The SLBC, its board of trustees, and the SLBC’s contributors claimed ignorance to the all the Defendants’ bribes. Everyone involved, including the USOC, IOC, Salt Lake City, the State of Utah, and the U.S. denied any knowledge of the Defendants’ bad actions. As previously discussed, IOC members are subjected to the provisions of the International Olympic Charter as well as the countries competing for the bids. Most importantly, IOC members are required to take an oath that they will not be swayed by commercial influence.[16] To circumvent these procedural safeguards, the Defendants allegedly made cash payments to IOC members and improperly recorded payments and benefits in SLBC’s corporate books and records.[17]

In examining the Defendants’ violations of federal statutes, the District Court focused on Travel Act in its dismissal of this proceeding. The Travel Act prohibits using mail or “any facility in interstate or foreign commerce with intent to . . . facilitate . . . any unlawful activity.”[18] Bribery is included in the Act’s definition of unlawful conduct. The court looked to the Utah Code’s definition of bribery, which defined bribery as “any benefit with the purpose of influencing the conduct of the . . . agent, or fiduciary in relating to his . . .  principal’s affairs.”[19] The District Court dismissed this charge after examining previous prosecutions where a defendant was charged for a violation of the Travel Act. The applicable Utah statute was deemed the state’s “commercial bribery law” and the court thought it absurd to hold the Utah’s legislature intended to criminalize “gifts” used to promote Utah as location of the 2002 Winter Games.[20] The District Court also dismissed the conspiracy, mail, and wire fraud charges that were based on the Defendants’ alleged intent to defraud the SLBC of actual property and right to control how that property was used. 

Additionally, at the District Court level, the Defendants argued that under Swiss Law, where the IOC is based, an IOC member is not considered an agent or fiduciary as required to support a charge under the Travel Act and Utah Code. The Tenth Circuit noted that the Travel Act was enacted by Congress to try to alleviate the complexities between state and local governments’ ability to cope with the international interstate nature of criminal organized crime.[21] Further, the court stated that the Olympic Games are an international event that are hosted by Utah and the U.S. As such, the SLBC acted as a U.S. representative when the U.S. had an “undeniable interest in denouncing corruption in the selection process for the host city of the Olympic Games.”[22]

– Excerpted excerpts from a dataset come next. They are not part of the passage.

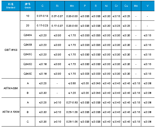 chemical analysis of A53&A106 pipes ASTM A53&ASTM A106 流体管化学成分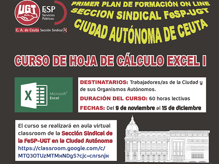 La Sección Sindical FeSP-UGT de la Ciudad Autónoma de Ceuta organiza el primer Plan de Formación online de la Ciudad Autónoma de Ceuta y sus Organismos Autónomos, que comenzará con la acción formativa 'Curso de hoja de cálculo Excel I'.
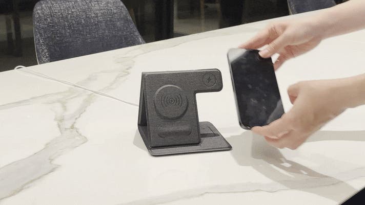 何度も試作を重ね、厚さわずか2cmの超薄型設計、折りたたみ構造、3台同時充電という仕様を実現しました。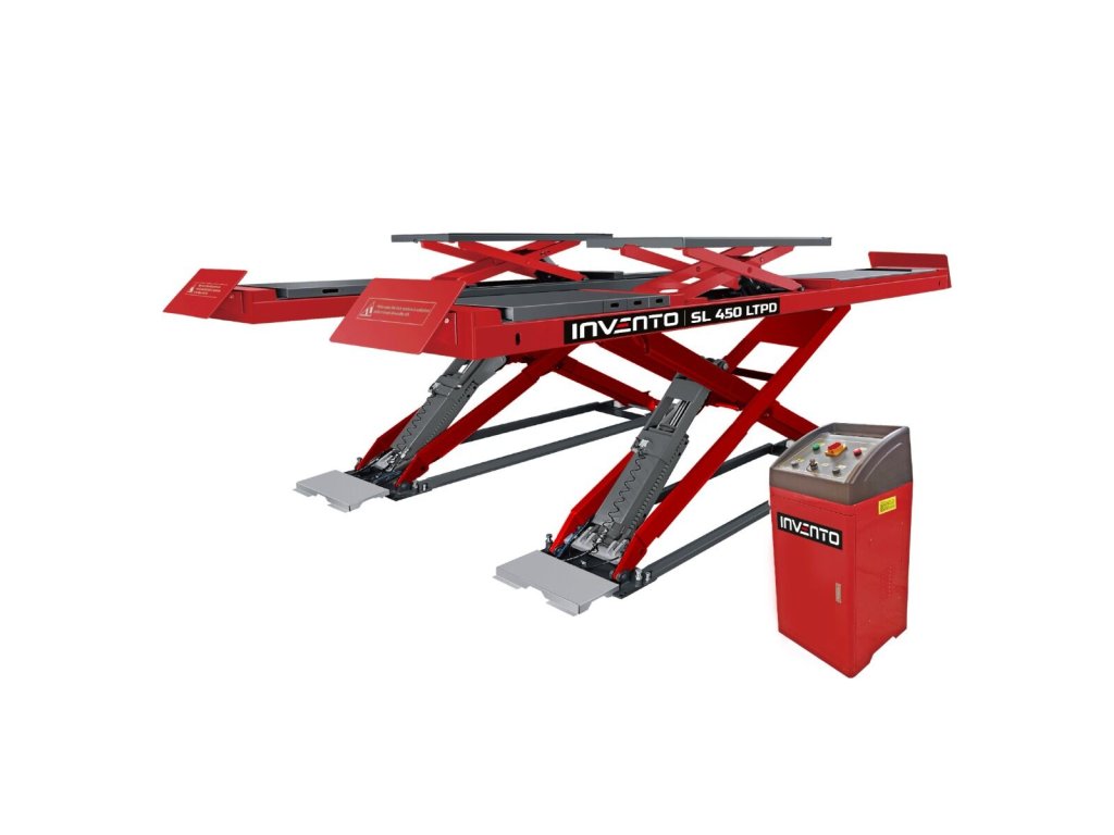 INVENTO SL 450 LTPD je profesionální nůžkový zvedák pro měření geometrie kol, vybavený integrovaným 8směrným šejkrem a zabudovaným podprahovým zvedákem o nosnosti 3,5 t. S délkou plošin 4,8 metru je ideální pro práci s osobními vozy, SUV a dodávkami. Zvedák lze instalovat na podlahu nebo zapustit do podlahy.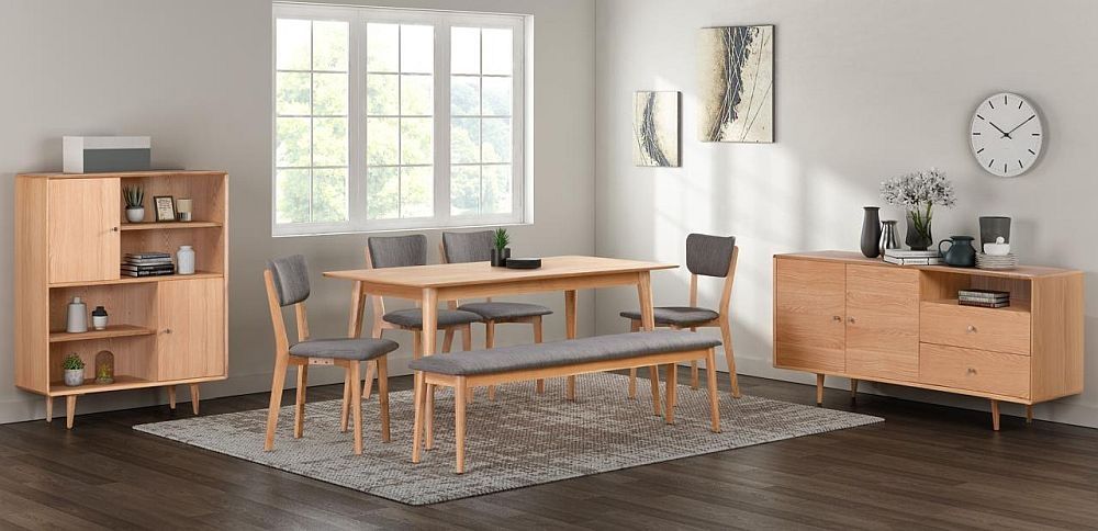 The new Jenson living, dining and bedroom collection has a Scandi / Retro styling to it. Light oak and veneers make up this stunning range. Sleek lines and an uncomplicated, uncluttered finish to all pieces but also design led pieces like the bookcase make this range stand out from the crowd.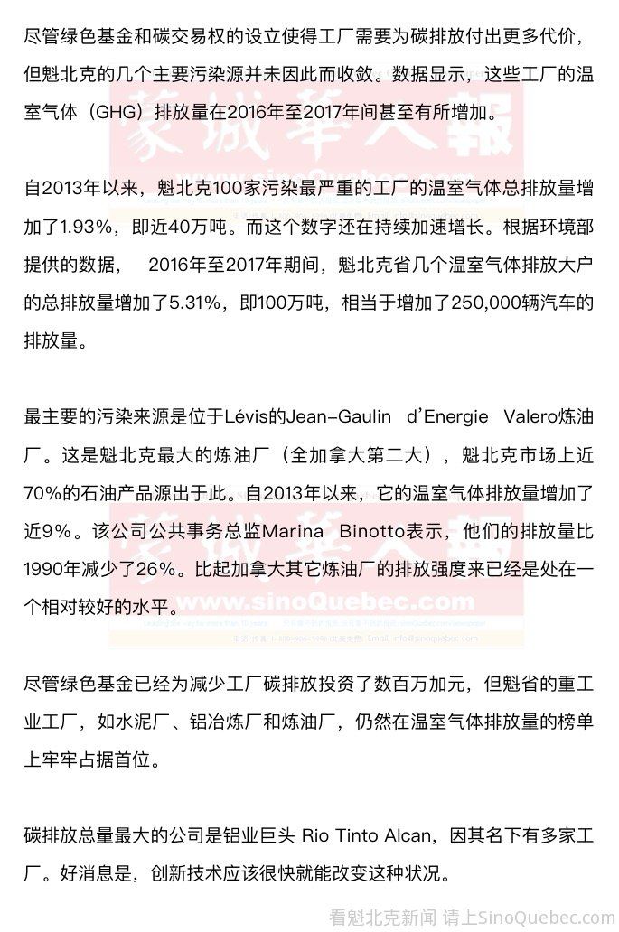 榜单的前100名中还有一些令人吃惊的名字。例如Gatineau的Cook卫生填埋场,虽然早已于28年前关闭,但每年依然继续排放超过25,000吨由有机物发酵产生的二氧化碳。 麦吉尔大学位于市中心的校区也是一个严重的污染源。由于采暖系统的老旧,该校区每年共排放超过30,000吨的二氧化碳。校方承诺在2040年拆除所有燃气锅炉,改为电力供暖,从而实现零碳排放。 魁省省长 Francois Legault刚一上台就不得不面对这个事实:魁北克省2020年的温室气体减排目标 -- 比1990年减少20% -- 将无法实现。预计只能减少9.1%。省长指责前任政府使道路行驶车辆急剧增加。但排放温室气体的罪魁祸首并不仅是车辆,如前文所说,工业生产占据的比重非常大。 麦吉尔大学生物学教授、加拿大气候变化和热带森林研究主席 Catherine Potvin 说,在减少温室气体排放的问题上,所有人都有责任。政府、工厂和市民都应该为此付出努力。温室气体排放超标证明我们做得还不够好。如果社会各界都能遵从低碳生活生产的原则,温室气体排放量就可以被减少。 环境部不认为碳排放量的增加即意味着可耻的失败。魁北克目前通过在碳排放权交易市场上与美国加利福尼亚州的合作来减少向大气层的排放。污染型企业必须购买其它污染较少的公司出售的污染许可证。 环境部拒绝公布完整的数据,无法得知魁北克省从加利福尼亚州购买了多少污染许可证,也不知道每个污染型企业有多少免费配额。 需要注意的是,2013-2020年应对气候变化行动计划中没有针对重污染工业制定具体减排目标。绿色基金管理委员会在2018年11月出具的报告中也强调了这一重要缺陷。 |
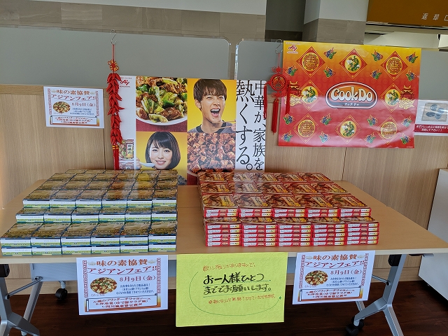 食堂にてアジアンフェア―開催!! 2019.08.09 本日は、食堂にて「アジアフェア―」が開催されました。 メインメニューは四川風麻婆豆腐丼や、拌冷菜(バンロウツァイ) などアジアン風のメニューが並びました。ソースもおいがけが可能で、 何種類かのソースを選べるようにし辛いものが好みの方は、 より辛くできる工夫がありました。 デザートでは、マンゴープリンや、杏仁豆腐が人気でした。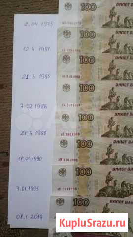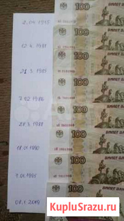 100 рублёвые купюры с красивыми номерами(за одну 100 руб купюру) последнее фото-цена договорная Состояние: б/у.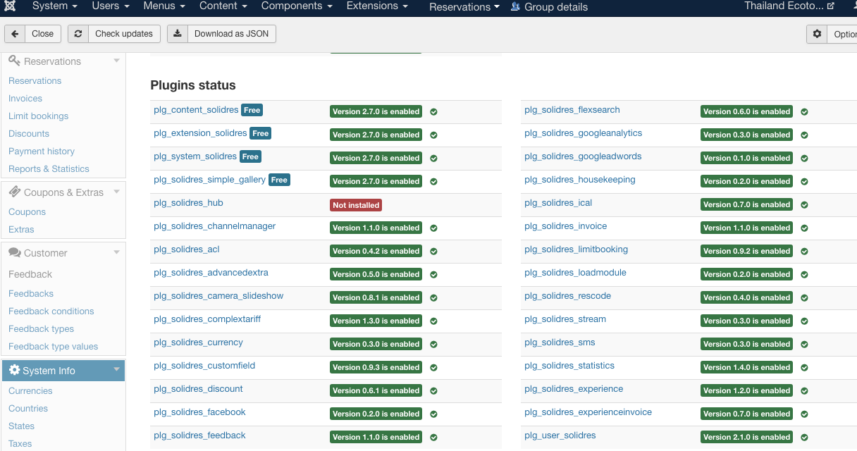 If you haven't done so already, go to the system info link in Solidres component, and you will see all the plugins, modules and other information. It will show you which ones need updating - Most of them need you to subscribe to a plan... do you have a subscription?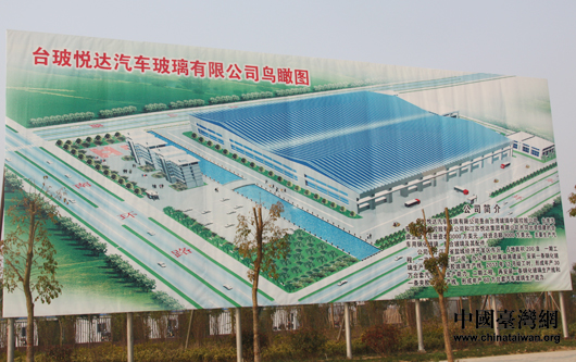 在臺玻悅達(dá)參觀時,項目正在緊張建設(shè)之中。記者從路旁的鳥瞰圖了解到,臺玻悅達(dá)汽車玻璃有限公司是由臺灣玻璃工業(yè)集團(tuán)與鹽城市經(jīng)濟(jì)開發(fā)區(qū)、江蘇悅達(dá)集團(tuán)正式簽約,共同投資興建汽車玻璃項目,該項目注冊資金3000萬美元,總投資9000萬美元,占地200畝,一期工程預(yù)計在2011年12月竣工投產(chǎn)。另據(jù)了解,截至今年9月,鹽城共有臺企622家,臺資僅次于韓資,已經(jīng)成為該市第二大外資來源。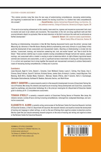 Reaching an Understanding: Innovations in How We View Reading Assessment builds upon the editors previous book Measuring Up: Advances in How We Assess Reading Ability by representing some early attempts to apply theory to help guide the development of new assessments and measurement models.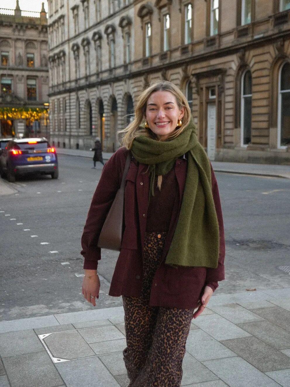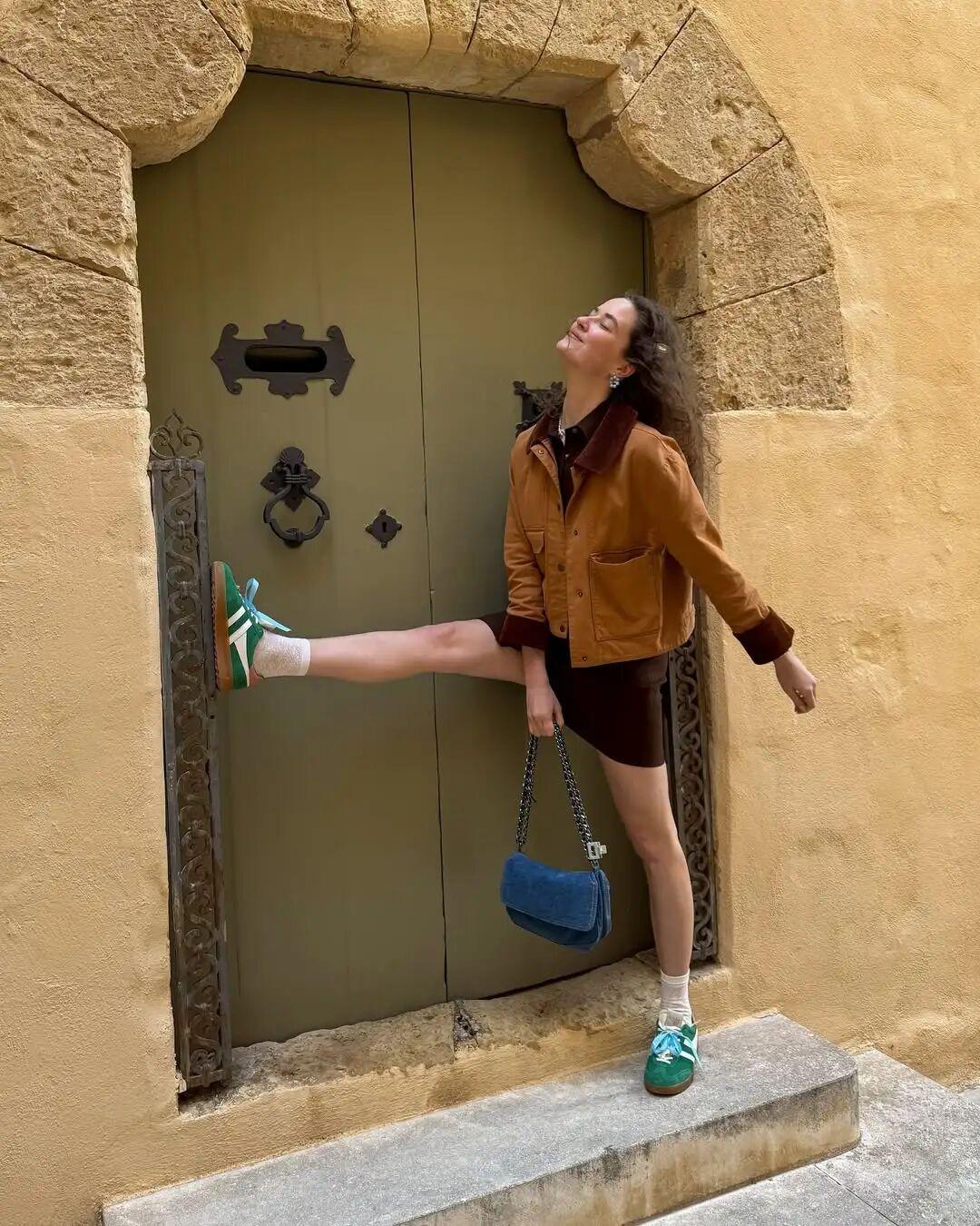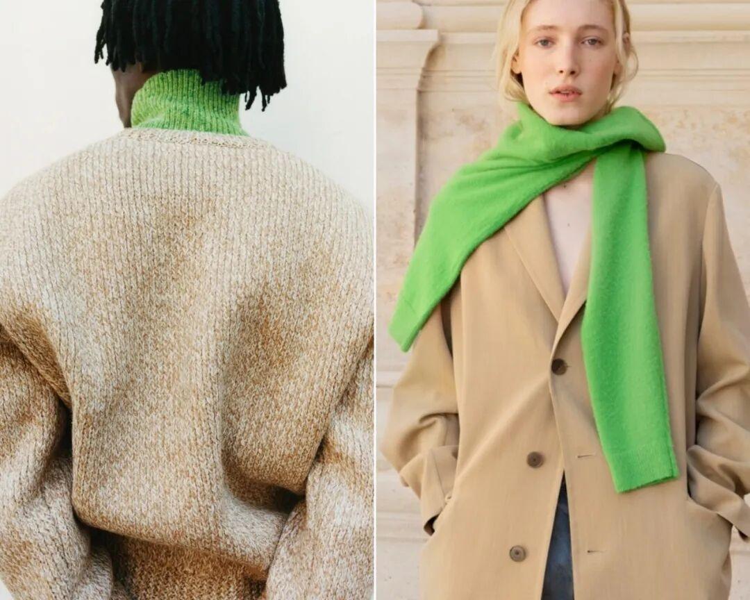 很多人家裏大概率都有一件棕色外套,只要搭配一件綠色內搭,就能輕鬆穿出春日感。

The Defendants argued that since the SLBC’s funds were used for the purpose of being awarded the Olympic games, the SLBC was not defrauded or deprived of money or property. The court ruled against this argument by stating that the SLBC was still deprived of its funds because the Defendants were awarded the games under fraudulent pretenses. Therefore, the Defendants could still be held criminally liable for the mail and wire fraud charges against them. The indictment was thus reversed and remanded. 

On remand, the Defendants filed a motion for acquittal. The motion was granted upon a finding that no reasonable jury could find either of the Defendants had the criminal intent to promote, manage, or facilitate any unlawful activity.[23] Additionally, there was not enough evidence in the record to find that the Defendants violated Utah’s commercial bribery statute. In fact, a juror from the trial commented that the Defendants were only acting in the best interest of Salt Lake City. 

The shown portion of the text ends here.